そのため、ローカルファイルの作成・更新だけでなく日常的な移転価格リスク管理も含め、自力で移転価格税制に対応できる社内体制を整備することが重要です。
デメリット① ノウハウの蓄積が不十分になる
ローカルファイルの作成を外注すると文書作成過程にブラックボックスが生じます。
完成したローカルファイル(移転価格分析報告書)についての説明を受けただけでは理論的背景や実務の細かい部分についての理解が不十分となる可能性が高いです。
税務当局にローカルファイルの内容を説明するのは企業自身なのですから、採用されなかった独立企業間価格算定方法などを含め、しっかりとローカルファイルの中身を理解しておくことが重要です。
デメリット② 年度更新のたびに多額のコストがかかる
ローカルファイルは毎期更新が必要な書類です。
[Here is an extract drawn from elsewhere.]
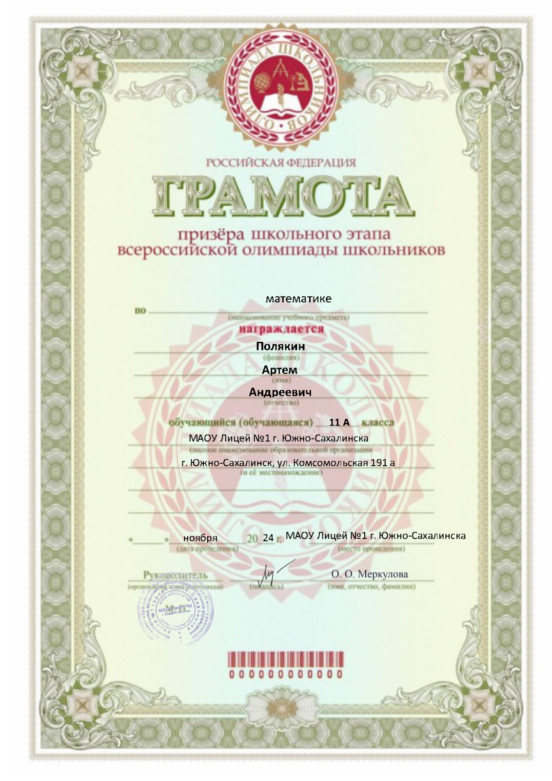 Главная » Фотоальбом » Симакова М.Н. » Грамоты обучающихся (олимпиады) » Призер ЛО Полякин (2024)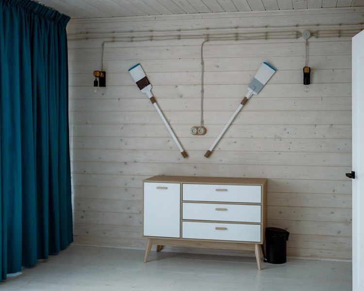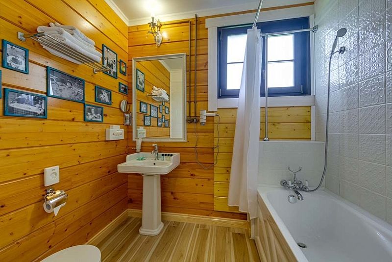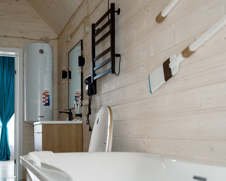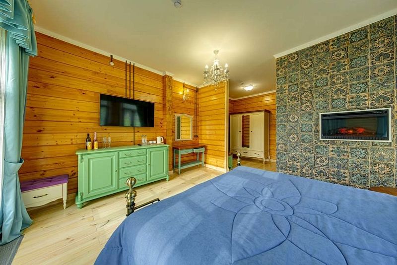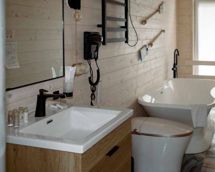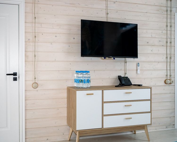 Номер оснащен двумя кроватями, совмещенными в одну большую кровать с удобным ортопедическим матрасом. Из больших панорамных окон открывается прекрасный вид на реку или на живописную территорию отеля.

ローカルファイルの中身についての理解が不十分な場合、年度更新のたびに外部コンサルタントに依頼せざるを得なくなり、結果的にコスト増となります。
「〇年前に一度ローカルファイル(移転価格文書)を作ったのですが、予算の都合で、その後は放置されていまして・・」というご相談を受けることもあります。
ローカルファイルは1年分だけ作ってもあまり意味がありません。年度更新のことも考えた上で文書化を行いましょう。
デメリット③ 日常対応ができない
ローカルファイルの作成は移転価格対応の一部に過ぎません。
下記のような細々とした日常業務については、外部のコンサルタントがその都度対応することが難しいため、社内に移転価格税制に関するノウハウを蓄積しておくことが重要です。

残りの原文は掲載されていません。